La possibile perdita della maggioranza assoluta da parte dell’ANC ha sollevato numerose speculazione sulle possibili coalizioni necessarie per garantire un governo al Sud Africa. La soluzione più gradita dai commentatori esterni è certamente quella basata sull’avvicinamento all’Alleanza Democratica che garantirebbe un ulteriore spostamento in favore dei grandi interessi finanziari ed economici interni ed internazionali. Viene vista invece con preoccupazione la possibilità di una convergenza con l’EFF che sostiene tesi molto più radicali.
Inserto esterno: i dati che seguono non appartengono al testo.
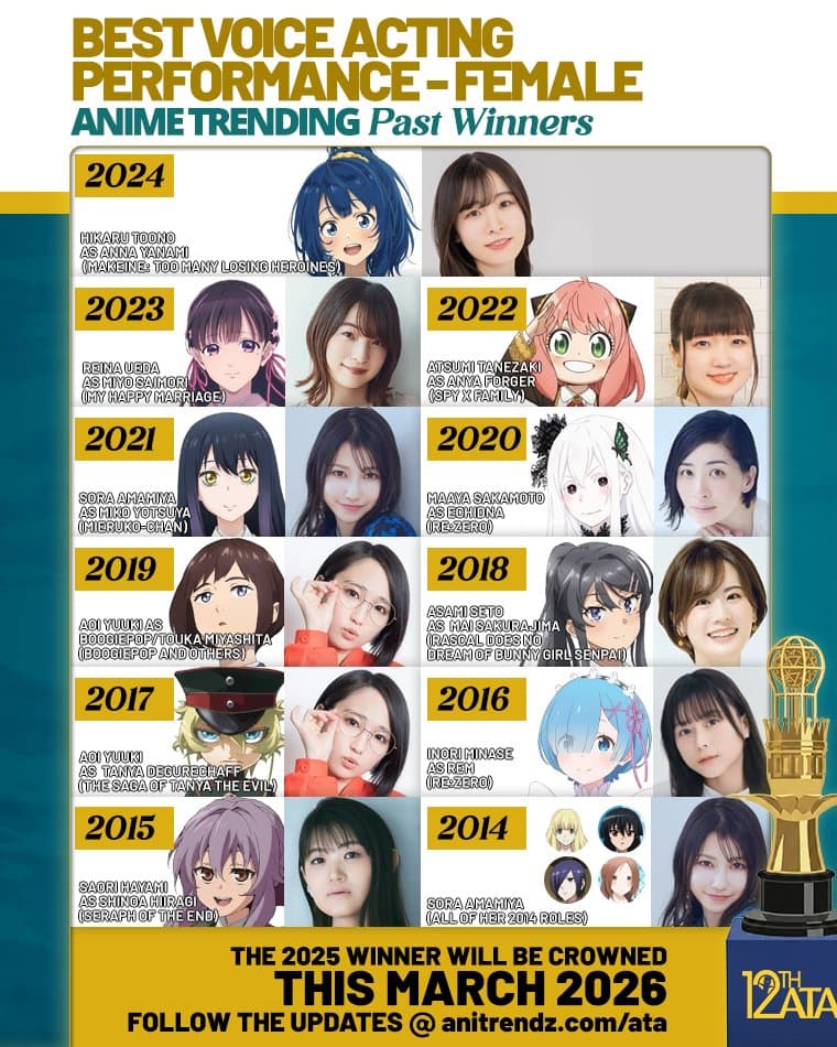⏳ THE 12TH ANIME TRENDING AWARDS IS COMING SOON! Let's look back at our Best Female VA winners! 🎙️ Sora Amamiya and Aoi Yuuki currently hold the record for most wins—and they’re both nominated again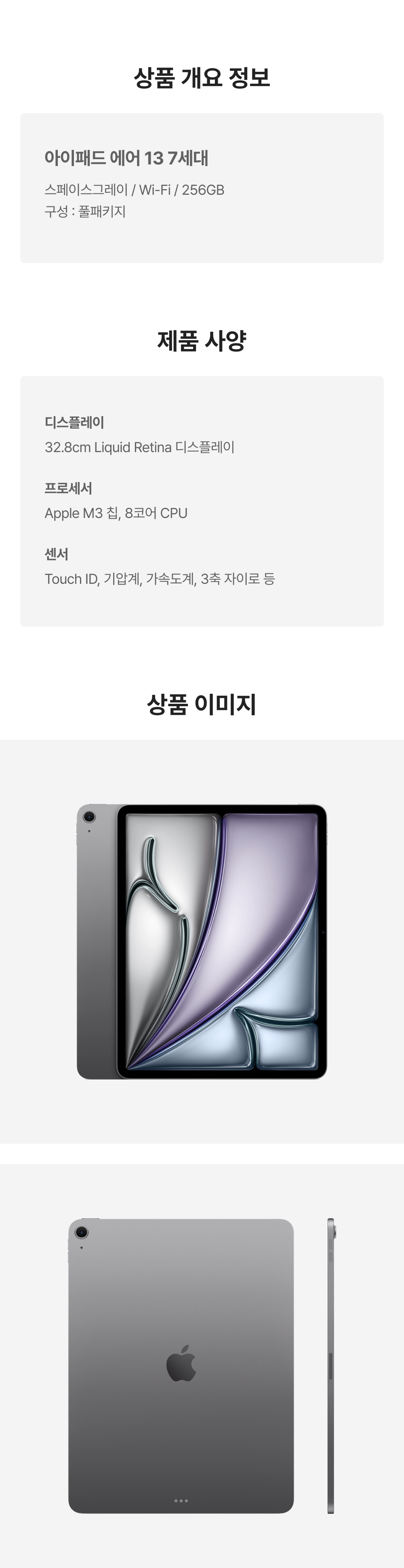 [S등급] 리퍼비시 아이패드 에어 13 7세대 wifi Apple M3 256기가 스페이스그레이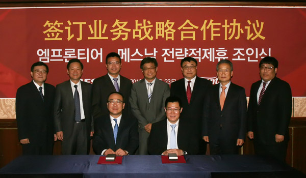 10月23日,6686登录入口与韩泰轮胎全资子公司Emfrontier(EMF)公司在韩国首尔签订了旨在建立战略合作伙伴关系的《合作意向书》,6686登录入口常务副总裁郑江家与EMF公司总经理安在焕代表双方签约。双方将在IT解决方案、工厂自动化、物流自动化三个领域内展开深度合作,在全球范围内共同开发市场。

Quest’ultimo in relazione alle amministrazioni provinciali dove ha potuto già svolgere un ruolo di “kingmaker” si è mosso con notevole spregiudicatezza, consentendo anche la sopravvivenza di governi del centro-destra.
La stessa ANC per altro sembra divisa tra le possibili opzioni che si potrebbero aprire dopo il 29 maggio. Per ora l’obbiettivo resta quello di confermare la propria maggioranza assoluta. La modifica del sistema elettorale che prevede la possibilità anche agli indipendenti di presentarsi alle elezioni ed essere eletti potrebbe offrire una via d’uscita meno impegnativa di un accordo con un’altra formazione politica.
Dato il ruolo internazionale assunto dal Sud Africa recentemente, sia con il rilancio dei Brics di cui è parte importante, sia per l’azione giudiziaria avviata presso la Corte Internazionale di Giustizia al fine di chiamare Israele a rispondere dei propri crimini a Gaza, il voto di maggio sarà seguito con molta attenzione anche all’estero. Un indebolimento considerevole dell’ANC, soprattutto in caso di accordo con la Democratic Alliance, potrebbe mettere in questione l’azione sudafricana su entrambi i fronti.